Over the past three weeks there have been increasing reports of soybean sudden death syndrome (SDS) in full season soybeans. SDS is one of the top ten most important diseases affecting soybeans, but is still a minor player in the mid-Atlantic.  Yield loss can occur when foliar symptoms show up before R5.  In Delaware and Maryland, we see SDS in small patches, often 15 yards across or less.  Many times affected areas are found in low lying areas that hold more water.

Infection of soybeans typically occur early in the growing season, when conditions are cool and wet and plants are in the vegetative stage of growth.  The fungus responsible for SDS first infects the roots, and gradually infects the lower portion of the stem.  When plants reach the later reproductive stages, the fungus can produce a toxin that moves with the water conducting tissues into the foliage, where it accumulates.  Accumulation of the toxin results in the development of foliar symptoms.  Leaves of infected plants develop yellow spots, which expand, while the leaf veins remain green.  Roots will often be rotted, and the lower stem, when split, will be brown on the outside while the inner tissue will remain unaffected.  This stem symptom can help differentiate between SDS and brown stem rot (BSR).   BSR will rot the entire central stem column, resulting in a brown, dry-rotted appearance.  Foliar symptoms alone are not diagnostic of SDS.  Occasionally blue fungal growth can be observed on the root or soil surface, especially after heavy rains.

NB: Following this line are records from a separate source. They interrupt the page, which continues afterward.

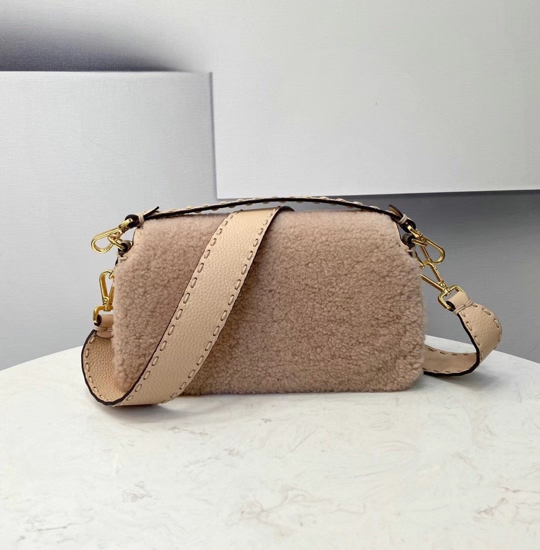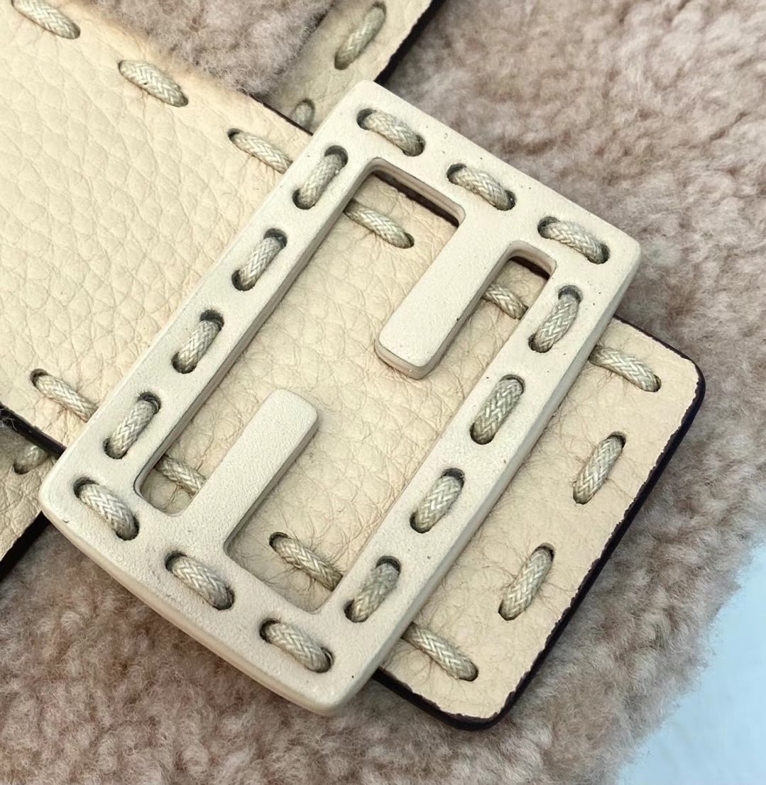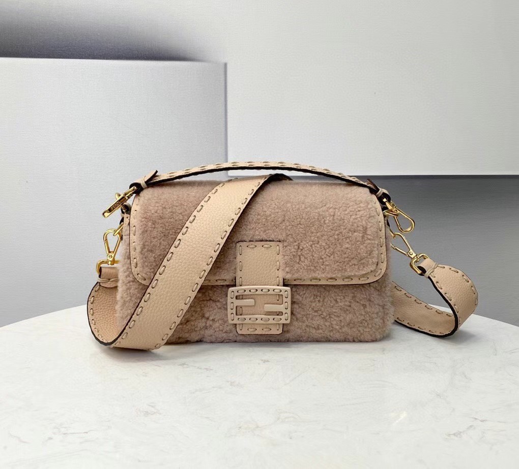 Iconic medium Baguette bag, made of soft merino sheepskin with oversized hand stitching and decorated with an FF clasp. Featuring a front flap, magnetic clasp, tone on tone leather trims, an internal compartment with a zipper pocket and gold-finish metalware. The bag can be carried by hand, or worn either on the shoulder or cross-body thanks to the handle and shoulder strap, both detachable.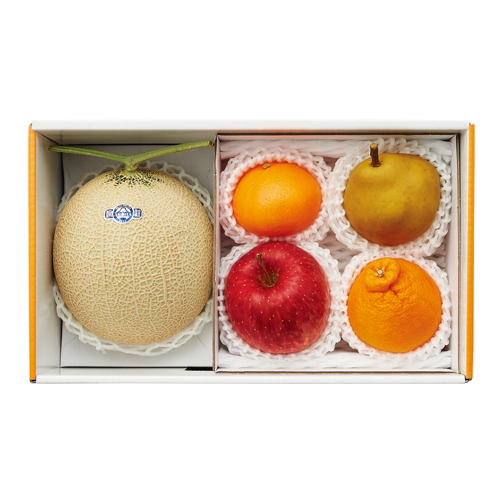 静岡県産マスクメロン1玉、青森県産サンふじりんご・山形県産ラ フランス・愛媛県産紅まどんな・国産デコポン各1、計2.3kg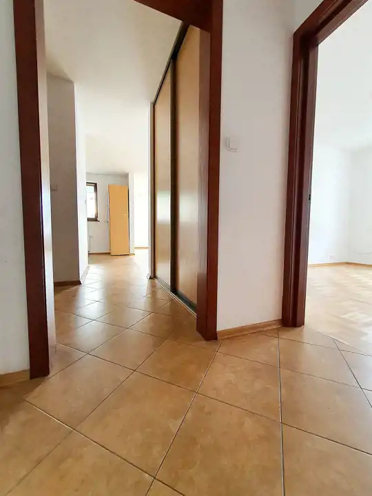 Rozkład: pokój dzienny (ok. 37 m2) z wyjściem na taras (ok. 10m2) + otwarta kuchnia, dwie sypialnie (13m2/12m2), łazienka z WC, dodatkowo osobne WC, przedpokój.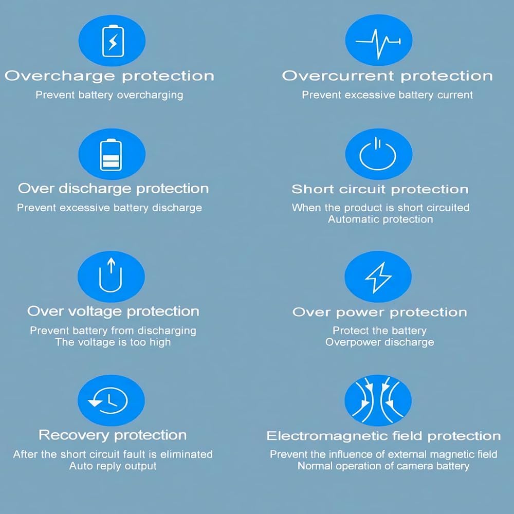 Full one year warranty,100% Safety Guarantee: Built with multiple circuit protection (over-charging, short-circuit, high-temperature, and surge protection), and high-quality, fire-resistant construction. Batteries include a one-year warranty.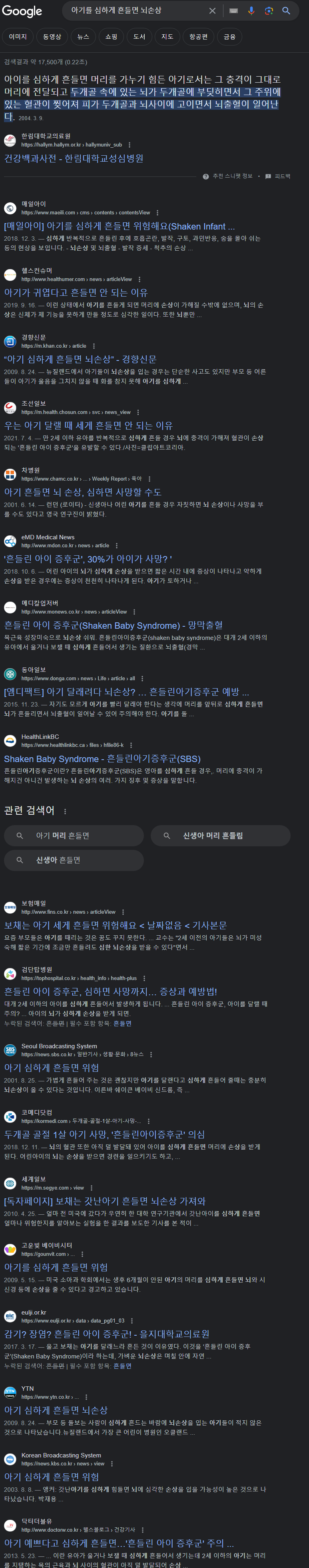 * 아기 흔들면 < 뇌 손상 > / 의학 News > 자유게시판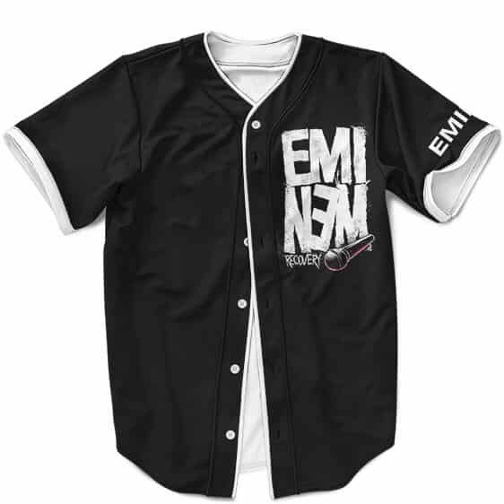 Eminem Merch Eminem Seventh Album Cover Recovery Black Baseball Shirt
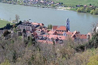 Durch seine Heirat mit Elsbeth von Kuenring gelangte Eberhard (VI.) von Wallsee in den Besitz der beiden Festen zu Spitz, beide Lehen der Herzöge von Baiern (Wittelsbacher)[A 2].[3] Nach seinem Tod verkaufte sie ihre Anteile an beiden Festen an Heidenreich von Maissau, der mit ihrer Cousine Anna von Kuenring verheiratet[2].[4] Von Verwandten aus "Linie Kuenring-Weitra" hatte Elsbeth von Kuenring den alten Kuenringerhof in Dürnstein gekauft, den sie entsprechend vergrößern ließ und auf dem sie als Witwe ihren Sitz nahm.[2]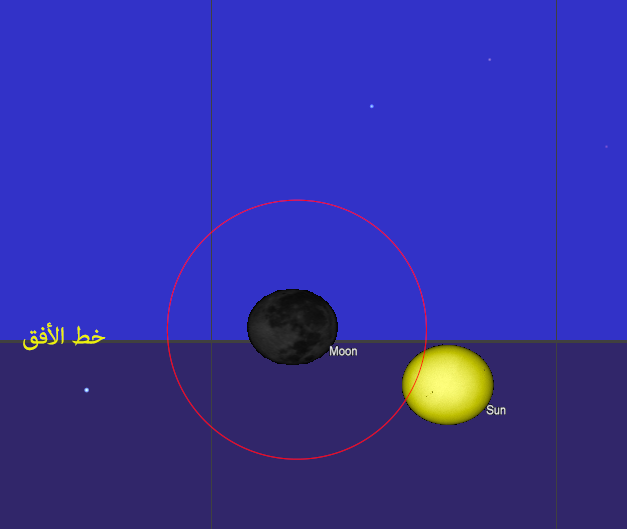 وقال، مدير مركز الفلك الدولي، المهندس محمد شوكت عودة: “سيكون القمر عند غروب الشمس يوم الثلاثاء ملاصقًا للشمس في جميع مناطق الجزيرة العربية. فعلى سبيل المثال، سيبلغ البعد الزاوي بين الشمس والقمر في مدينة الرياض وقت الغروب درجةً واحدةً فقط. وبما أن هذه المسافة تُقاس بين مركزي قرصي الشمس والقمر، فإن ذلك يعني أن الهلال على فرض وجوده سيقع على بُعد نصف درجة تقريبًا من حافة قرص الشمس.
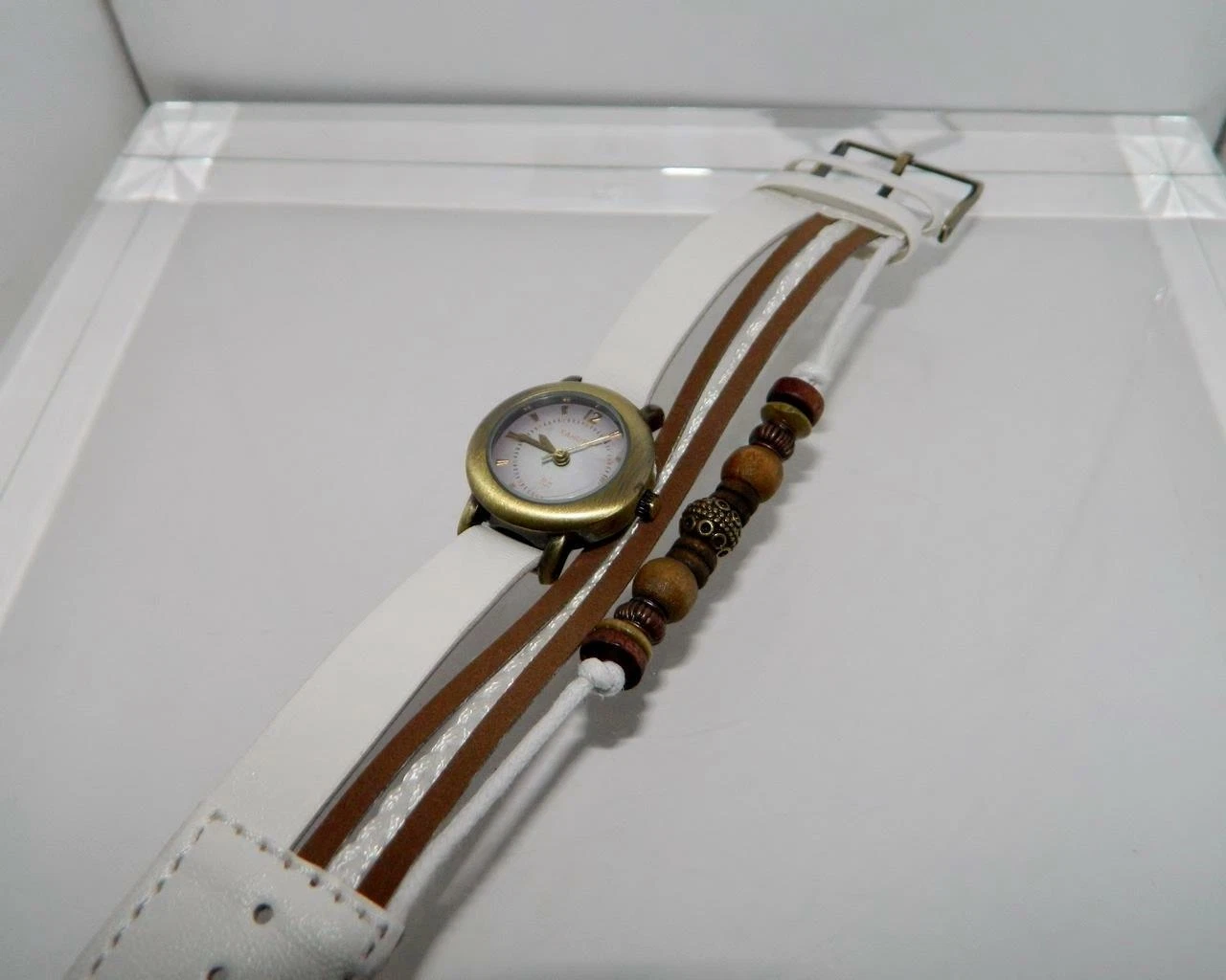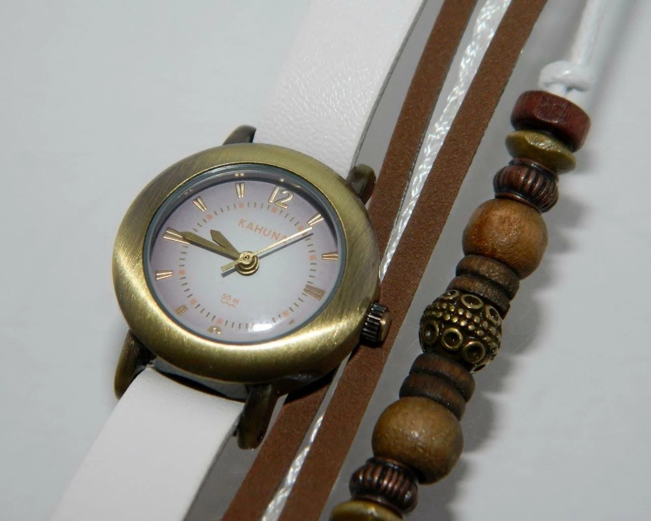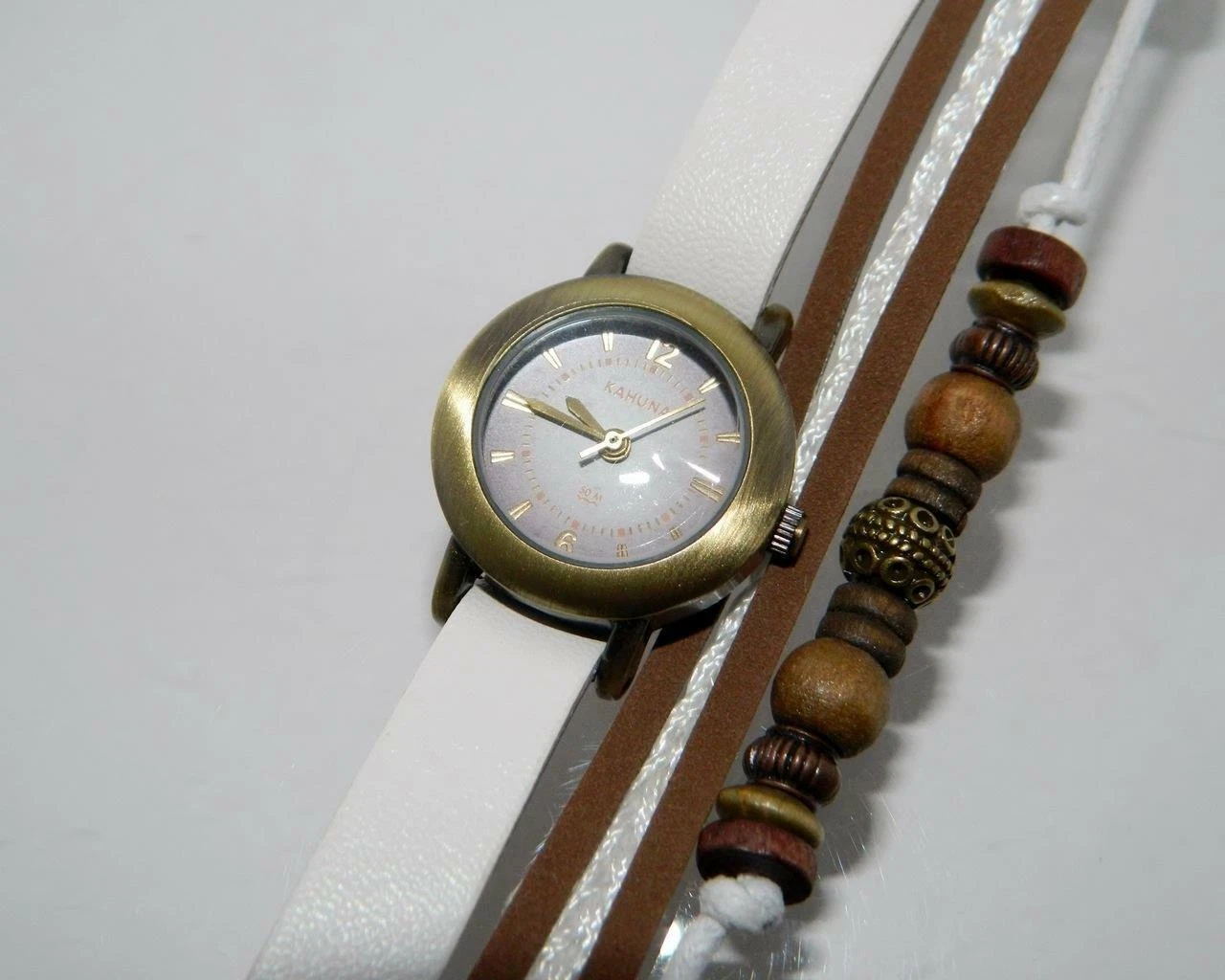 KAHUNA Women's Bronze finish Lilac Dial 50 Meter White /Brown/Beaded Strap Watch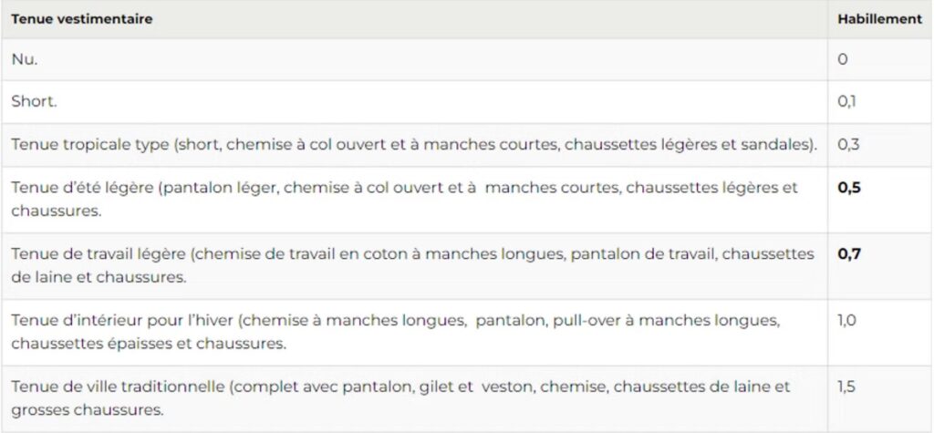 Le niveau d’isolation de l’habillement est caractérisé par une valeur, exprimée en “clo”, dont voici quelques valeurs indicatives partagées par le site énergie +.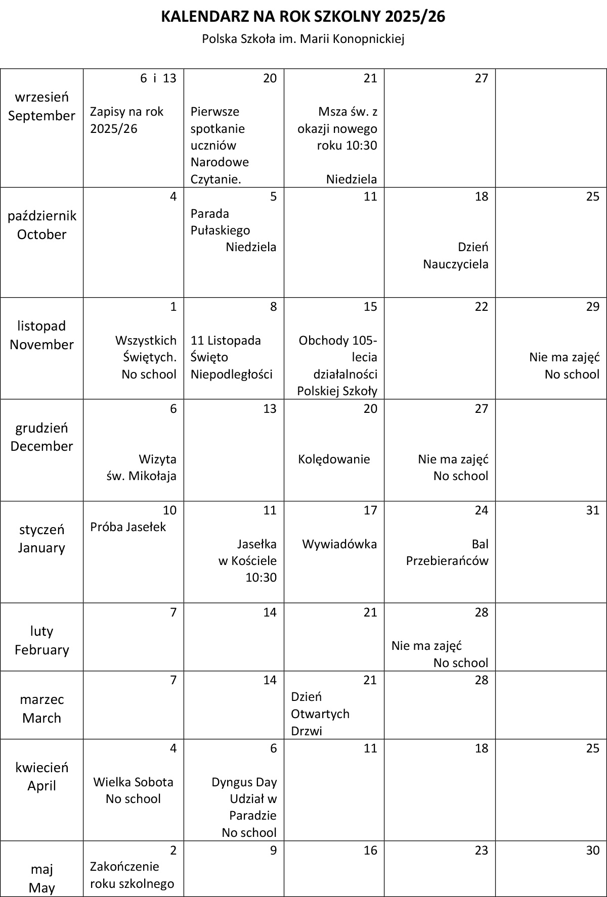 - 15 listopada 2025 r. 105-lecie Polskiej Szkoły im. Marii Konopnickiej

Sudden Death Symptoms on a soybean leaf. Photo by N. Kleczewski

Blue growth on the root and soil line is indicative of Sudden Death Syndrome. Photo by N. Kleczewski

 

Foliar symptoms of SDS can cause leaf curling and death.  N Kleczewski

When split, lower stems will be necrotic and brown, while the inner tissue will remain relatively unaffected. N Kleczewski

 

 

 

Management of SDS starts with crop rotation to a poor host such as corn for at least two seasons.  Unfortunately the pathogen can still overwinter and survive on corn and other residues for quite some time, so in severe cases, you will need at least three years out of soybeans.  Thusfar, I have yet to see a field in DE or MD where infection was severe enough to warrant this approach.  When rotating, even short term, rotations with snap or lima beans should be avoided.

If you have soybean fields with known SDS issues, select a variety with tolerance to the disease to minimize potential yield losses.  Tolerant varieties are much less likely to suffer severe yield losses if the disease does occur.

Although the seed treatment iLeVO has been shown to help reduce SDS, it may not be economically sound to plant entire fields with this seed treatment if only sections or small portions of the field are affected.  If considering iLeVO for SDS management, one potential route would be to scout and map out affected areas and plant treated seed in the field sections or areas where SDS is problematic.  Then, plant your untreated or regularly treated seed in unaffected areas of the field.

The pathogen infects when it is cool and wet.  Therefore, double cropped soybeans are less likely be infected by the SDS pathogen.  They can still develop the disease, especially if persistent cool wet weather occurs during the vegetative stages, but the likelihood for this is far less than in full season beans.

Finally, if you have a field with SDS and are working the ground, ensure that you clean the equipment before utilizing it in another field or till / harvest SDS-affected fields last.  This will minimize potential movement of the pathogen to additional fields.